Here in Humboldt County, Huckleberry Hills Farm outside Garberville and the Hemp Connection in Garberville are the two most recent additions to the trail. The story of each place parallels stories of many others in the region. Huckleberry Hills Farm, owned by Johnny Casali, is a second-generation cannabis farm that suffered setbacks when Casali was imprisoned in the 1990s, serving eight years. Today the farm is the first of its kind to have a tourism license, its landscaped property welcoming outsiders and providing an opportunity to understand its crops and complex history. They have hosted several groups already and aim for more in the future. The Hemp Connection, owned by Marie Mills, was the first hemp clothing store in the United States. When Mills was challenged to remove her sign featuring a marijuana leaf, she stood her ground and won. This landmark “represents bravery, self-reliance, life off the grid and sustainability,” says Applegarth.

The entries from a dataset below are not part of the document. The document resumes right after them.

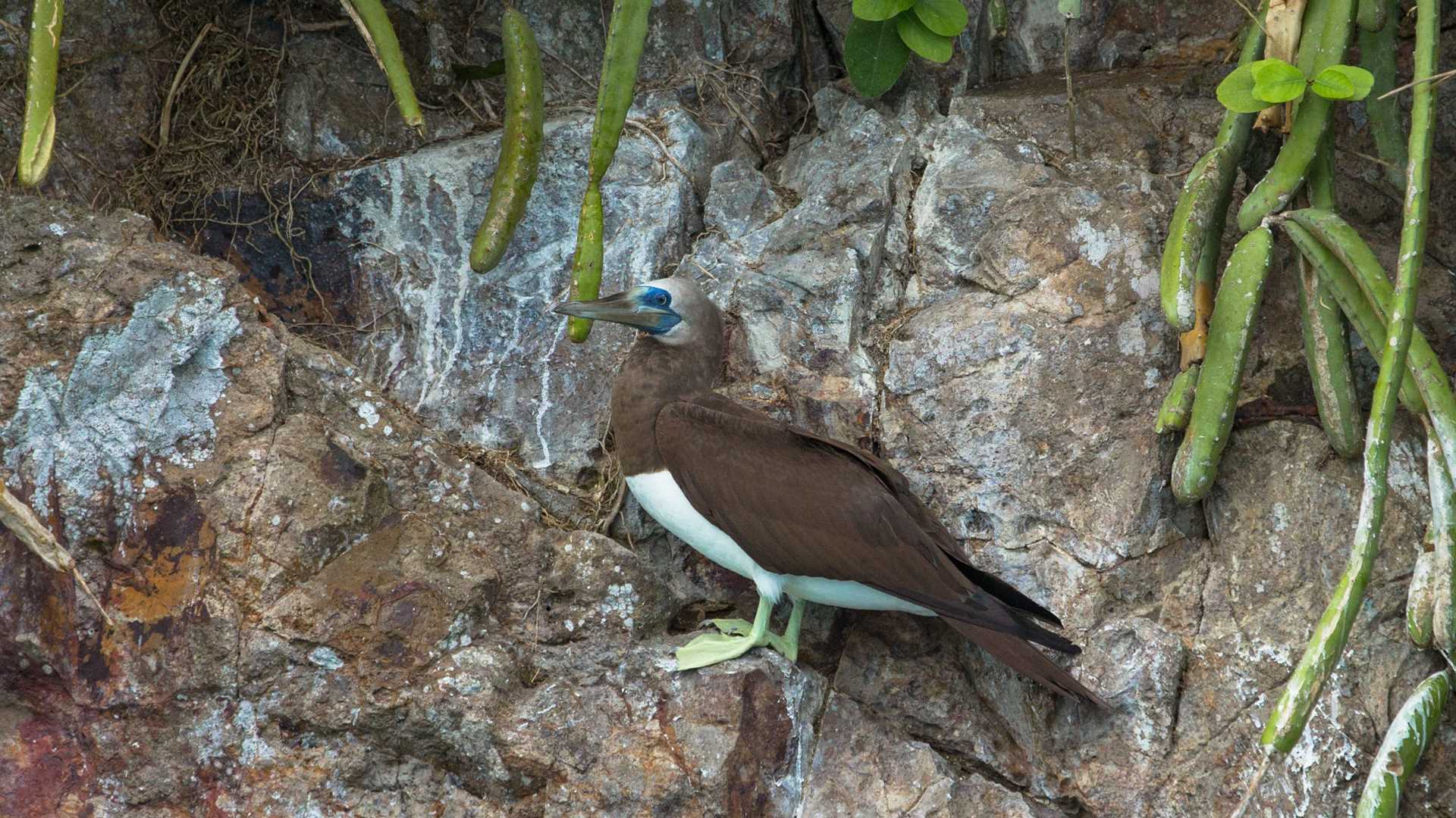 The slick arched wings of the magnificent frigate birds, with their red inflated gular pouches, were looking for a free lunch from the boobies. The chubby heavy body of the friendly brown pelicans was resting on the rocks or sitting on the water surface. How about the torpedo shape from the boobies, which dart their bodies at incredible speeds to reach depths of 40 feet!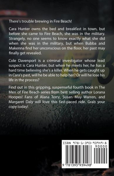 There's trouble brewing in Fire Beach! Cara Hunter owns the bed and breakfast in town, but before she came to Fire Beach, she was in the military. Strangely, no one seems to know exactly what she did when she was in the military, but when Bubba and Makenna find her unconscious on the floor, her past may finally get revealed. Cole Davenport is a criminal investigator whose lead suspect is Cara Hunter, but when he meets her, he has a hard time believing she's a killer. When he gets caught up in Cara's past, will he be able to help her? Or will he lose his life in the process? Find out in this gripping, suspenseful fourth book in The Men of Fire Beach series from best selling author Lorana Hoopes! Fans of Alana Terry, Susan May Warren, and Margaret Daly will love this fast-paced ride. Grab your copy today!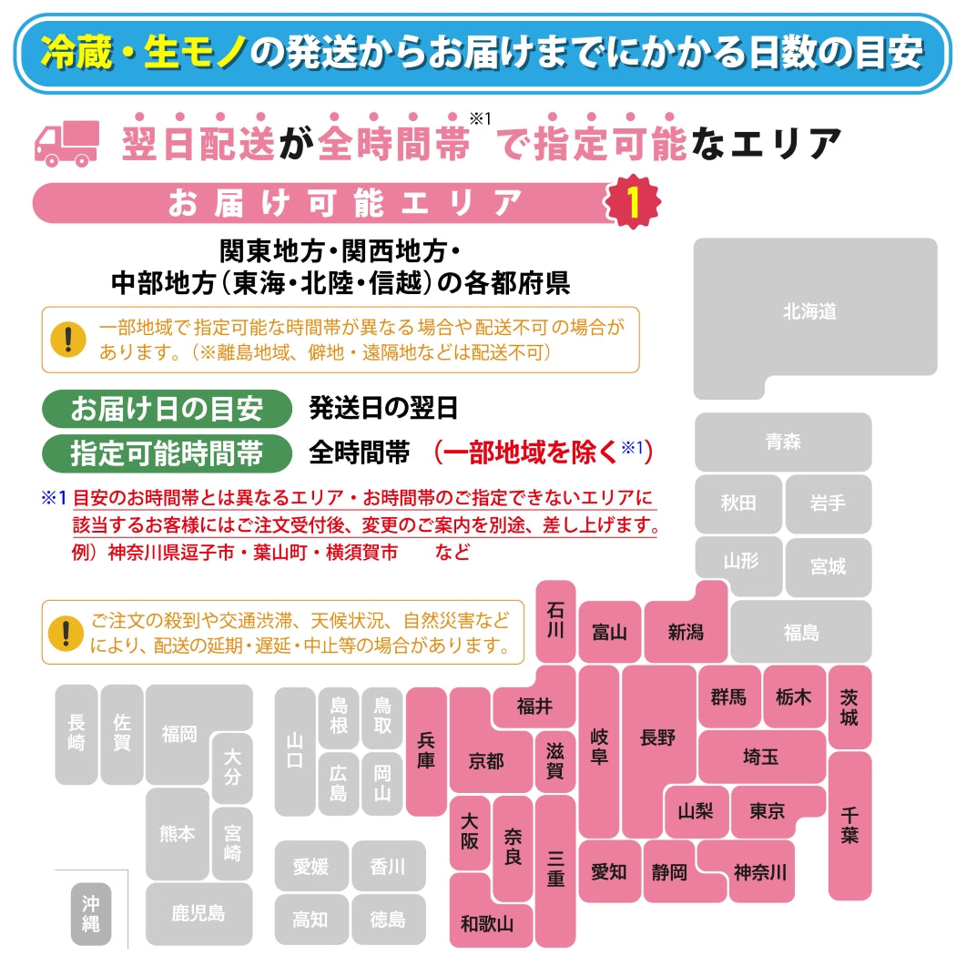 関東地方・関西地方・中部地方(東海・北陸・甲信越)[離島僻地等を除く] (配送不可エリアからのお客様のご注文) 「冷凍便」が可能なエリアのお客様は、「冷凍品」扱いへと自動的変更のご対応。お客様が取れない場合・冷凍便であっても配送不可エリアの場合は【キャンセル処理】致します。 |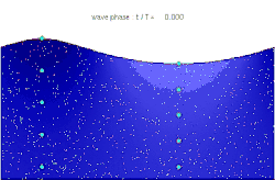 On a linéarisé la condition limite en surface en la ramenant à z = 0. En réalité, il existe une vitesse de dérive de Stokes qui est une faible vitesse moyenne des particules fluides parallèlement à la surface (voir figures). Sa valeur peut être estimé à partir de considérations très générales[ 4]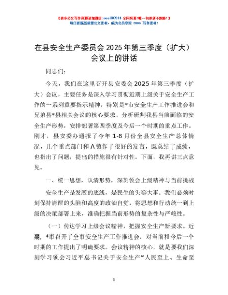 / 在县安全生产委员会2025年第三季度(扩大)会议上的讲话

The Cannabis Trail has a lot of ground to cover but plenty of time to do so over the coming years. It will focus not only on places that are important to the Northern California economy, but also the communities and individuals who have been instrumental to the progress and process. Where once there were 10-year jail sentences, there are now tourism permits and second-generation farmers. Where there were years of land degradation, there are now healthy streams and ponds, with much more restoration work to be done. Specialty strains that were bred with military helicopters overhead are now passed down to the next generation and included in top-dollar marketing campaigns via Willie Nelson. It’s been a wild ride. And more cultural history lessons along this multi-day, meandering drive are coming down the trail.